Bitcoin was the product of the cypherpunks. These are, essentially, the “only the paranoid survive” crowd, the “the government is watching” crowd. It would be only natural they would come up with a solution to the double-spending problem that involves an open peer-to-peer network of anonymous nodes. They tuned it for maximum resilience against a concerted attack from the global money cartel and the governments they exert massive control over.
( Remember when the creator(s) of Bitcoin hid under the Satoshi Nakamoto pseudonym, and when Wikileaks wanted to use Bitcoin for donations, Nakamoto freaked out, stating that it was “too early” and that the network could have been killed by a massive surge in usage (and also in attention from the powers-that-be) so early in its development? That mentality would have never though something like EOS would be sufficient to run an anarchic money system — not even after the success of Bitcoin. )
Besides its prohibitive costs of operation, borne out of the need to spread a global ledger across ten thousand consumer-grade anonymous nodes, the Bitcoin protocol worked. With its global bandwidth of 3 transactions per second, not only it worked as a demo, as a proof that anarchic money exists and is possible to build, but it gathered a global cult following that, at its peak, valued the Bitcoin network at about $340,000,000,000.
People have then slowly walked back from the paranoia of the cypherpunk mentality. Bitcoin’s security requirements are maximal, e.g. requiring every transaction to be broadcast to and processed by every single node, so several projects have started by questioning that excessive level of security, hoping to find attack vectors they can afford to discard in order to reap some performance gains.

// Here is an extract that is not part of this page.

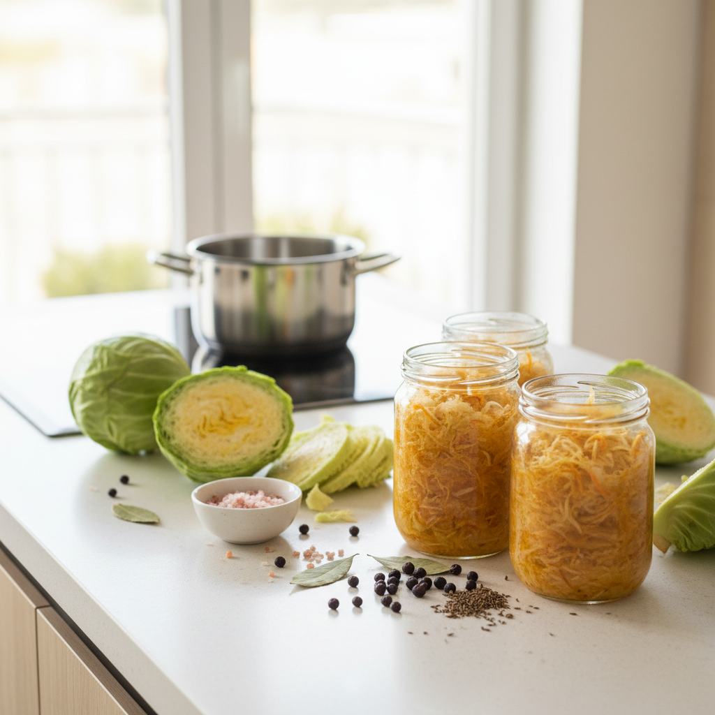 Das Haltbarmachen von fertig zubereitetem Sauerkraut ist ein strukturierter thermischer Prozess, der bei sorgfältiger Arbeitsweise sehr zuverlässige Ergebnisse liefert. Im Fokus stehen dabei die absolute Hygiene der Gläser, die korrekte Heißabfüllung sowie die präzise Einhaltung von Temperatur (90°C) und Zeit (30 Minuten). Die physikalischen Vorgänge der Ausdehnung bei Hitze und des Zusammenziehens bei Kälte sorgen für das rettende Vakuum, welches das Produkt vor äußeren Einflüssen abschirmt. Wenn man die kritischen Parameter beachtet und Faktoren wie Luft im Glas oder unsaubere Ränder vermeidet, steht einem großen Vorrat an haltbarem Kraut nichts im Wege.

EOS, like Bitcoin, works. But EOS is massively cheaper. However, EOS would probably not have “worked,” as a social phenomenon, if it was Satoshi Nakamoto’s project. The cypherpunk paranoia story was effective in uprooting the psychological domination of the current State-based, cartel money system, because first it validated its massive power (which is reified — considered real, concrete, unassailable — in most people’s minds all around the globe), and then it offered a bunch of technically unnecessary but psychologically compelling reasons for why it was going to defeat that powerful global monopoly on money creation and operation.

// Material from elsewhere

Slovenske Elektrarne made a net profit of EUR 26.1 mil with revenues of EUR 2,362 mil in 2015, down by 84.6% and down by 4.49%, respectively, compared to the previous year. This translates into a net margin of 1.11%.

EOS-like systems: maximum performance, minimum cost;
Ethereum-like systems: work as social insurance for the EOS-like systems, supplies extra security for those niche applications that need it more than low latency and high bandwidth;
Bitcoin-like systems: museum artifacts.
The Ethereum-like and EOS-like systems are not really in competition, in the sense that we don’t want one to destroy the other. We need both systems. However, “EOS” (really, EOS-like systems) will “destroy” everything else because they will capture most of the market, the same way all the smaller e-mail services vanished, and everyone uses either Gmail now or some e-mail dinosaur product that their employers have pushed on them. Why use something slow, expensive and complicated to operate, when the user can have something fast, cheap and simple — something that’s actually more secure, because the actual weak link in security is not “the evil government and the hackers” but the user or, to be precise, the user not having a clue about what they are doing?

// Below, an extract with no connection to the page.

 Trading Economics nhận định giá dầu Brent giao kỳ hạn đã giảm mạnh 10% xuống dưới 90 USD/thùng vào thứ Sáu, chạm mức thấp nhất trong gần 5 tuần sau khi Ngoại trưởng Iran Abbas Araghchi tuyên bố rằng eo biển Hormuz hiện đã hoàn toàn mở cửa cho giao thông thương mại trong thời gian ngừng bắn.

EOS.IO and Bitfinex have partnered up to build the first decentralized exchange to be built on the EOS.IO technology. EOSfinex aims to combine the scalability and speed of EOS.IO with Bitfinex’s industry-leading expertise. The new project is said to deliver an “on-chain” exchange designed to offer a fast, transparent and trustless platform for the trading of digital assets
EOS is also the best-funded software project in history. They literally have billions to develop their product.